During British control, a well-ordered system of public
administration was established, public services were extended, and
large-scale rubber and tin production was developed. This control
was interrupted by the Japanese invasion and occupation from 1942
to 1945.
Popular sentiment for independence swelled during and after
the war, and, in 1957, the Federation of Malaya, established from
the British-ruled territories of Peninsular Malaysia in 1948,
negotiated independence from the United Kingdom under the
leadership of Tunku Abdul Rahman, who became prime minister. The
British colonies of Singapore, Sarawak, and Sabah (called North
Borneo) joined the Federation of Malaya to form Malaysia on
September 16, 1963. Singapore withdrew, however, on August 9,
1965, and became an independent republic. Neighboring Indonesia
objected to the formation of Malaysia and pursued a program of
economic, political, diplomatic, and military "confrontation"

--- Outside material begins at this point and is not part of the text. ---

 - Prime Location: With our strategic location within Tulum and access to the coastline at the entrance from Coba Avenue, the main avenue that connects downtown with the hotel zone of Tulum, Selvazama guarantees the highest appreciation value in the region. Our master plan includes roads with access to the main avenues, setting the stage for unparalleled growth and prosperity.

against the new country. This "confrontation" policy ended only
after the fall of Indonesia's President Sukarno in 1966, after which
cordial Malaysian-Indonesian relations were established.

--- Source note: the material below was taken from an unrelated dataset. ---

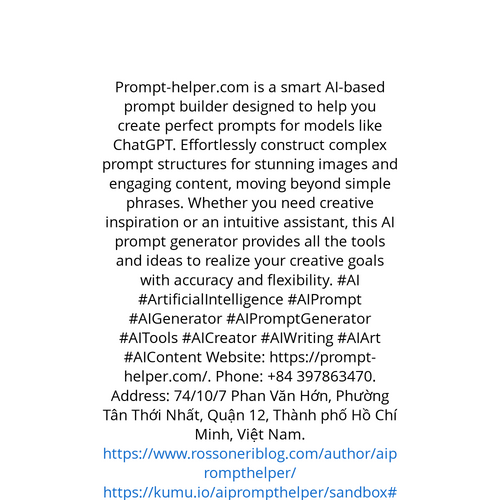Website: https://prompt-helper.com/. Prompt-helper.com is a smart AI-based prompt builder designed to help you create perfect prompts for models like ChatGPT. Effortlessly construct complex prompt structures for stunning images and engaging content

Following World War II, local communists, nearly all Chinese,
launched a long, bitter insurgency, prompting the imposition of a
state of emergency in 1948 which was lifted in 1960. Small bands
of guerrillas remained in bases along the rugged border with
southern Thailand, occasionally entering northern Malaysia. These
guerrillas finally signed a peace accord with the Malaysian
Government in December 1989. A separate small-scale communist
insurgency that began in the mid-1960s in Sarawak also ended with
the signing of a peace accord in October 1990.
GOVERNMENT
Malaysia is a constitutional monarchy, nominally headed by the
Yang di-Pertuan Agong (paramount ruler), customarily referred to as
the king. Kings are elected for 5-year terms from among the nine
sultans of the peninsular Malaysian states. The king also is the
leader of the Islamic faith in Malaysia.
Executive power is vested in the cabinet led by the prime
minister; the Malaysian constitution stipulates that the prime
minister must be a member of the lower house of parliament who,
in the opinion of the Yang di-Pertuan Agong, commands a majority in
parliament. The cabinet is chosen from among members of both
houses of parliament and is responsible to that body.
The bicameral parliament consists of the Senate (Dewan
Negara) and the House of Representatives (Dewan Rakyat). All
members sit for 6-year terms. Representatives of the House are
elected in single-member districts by universal adult suffrage.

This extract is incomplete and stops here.